Building upon the contributions of this dissertation, several promising research directions emerge that can inspire further academic exploration and practical innovation. First, our modelling infrastructure provide the foundations for context management in GenAI settings. This paradigm leverages our modelling approach to treat prompts, retrieval corpora, model snapshots, inference runs, and their artifacts as first-class elements, enabling reproducible, auditable, and drift-aware reasoning within DT-based systems. Second, our reference model and reference architecture create interesting opportunities for the realization of a systematic, policy-governed mapping from control objectives and observed symptoms to well-scoped reasoning tasks, making tacit operational cues explicit and ensuring that queries to the reasoning layer remain aligned with goals and context. Third, the CExp practices incorporated in our conceptualization of ADTOMSs provide a sound basis for a hybrid quantum orchestration twin that operationalizes the use of quantum and classical resources as a managed control objective, using controlled experiments and provenance aware scheduling to decide when and how to employ each under fidelity, latency, and cost constraints. Together, these directions extend our contributions toward trustworthy, explainable, and efficient autonomy in advanced DT-based systems.
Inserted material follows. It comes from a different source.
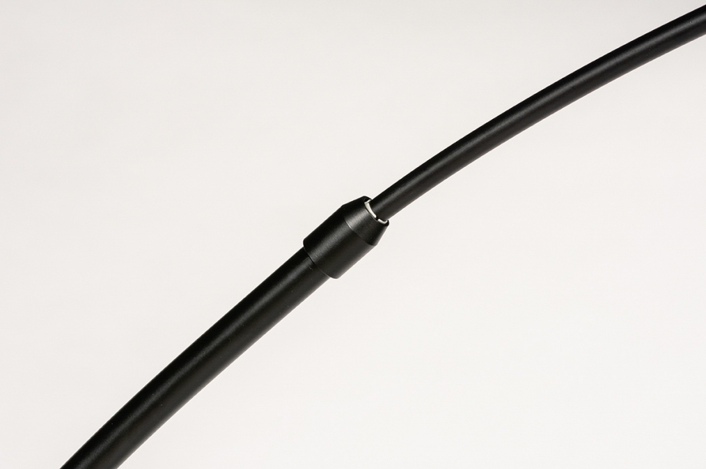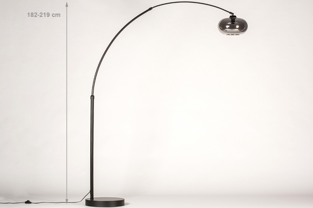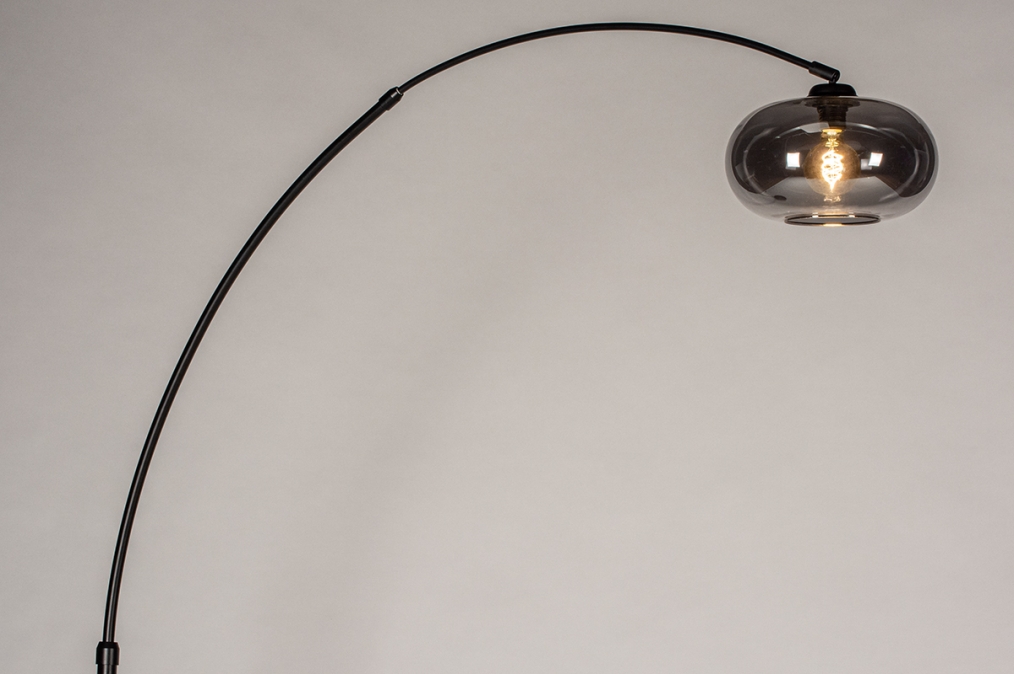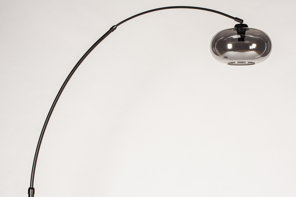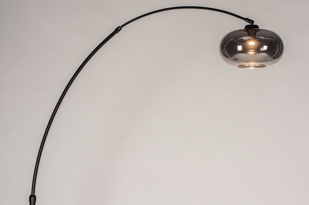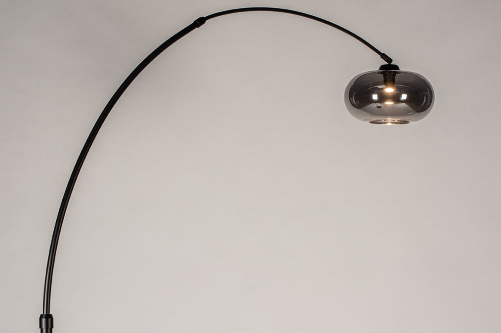 Stojací oblouková lampa v moderním designu vyrobená z kovu a kouřového skla.

In summary, this dissertation advances the conceptual and technological foundation of DTOMSs by introducing autonomic principles into their operational lifecycle. The resulting ADTOMS paradigm establishes a robust basis for the continuous, autonomic evolution of DTs, positioning them as resilient, adaptive, and long-lived software-intensive systems capable of operating effectively under uncertainty. This work contributes to the broader vision of self-managing data-intensive systems and offers novel engineering strategies for advancing DT practices across dynamic application domains.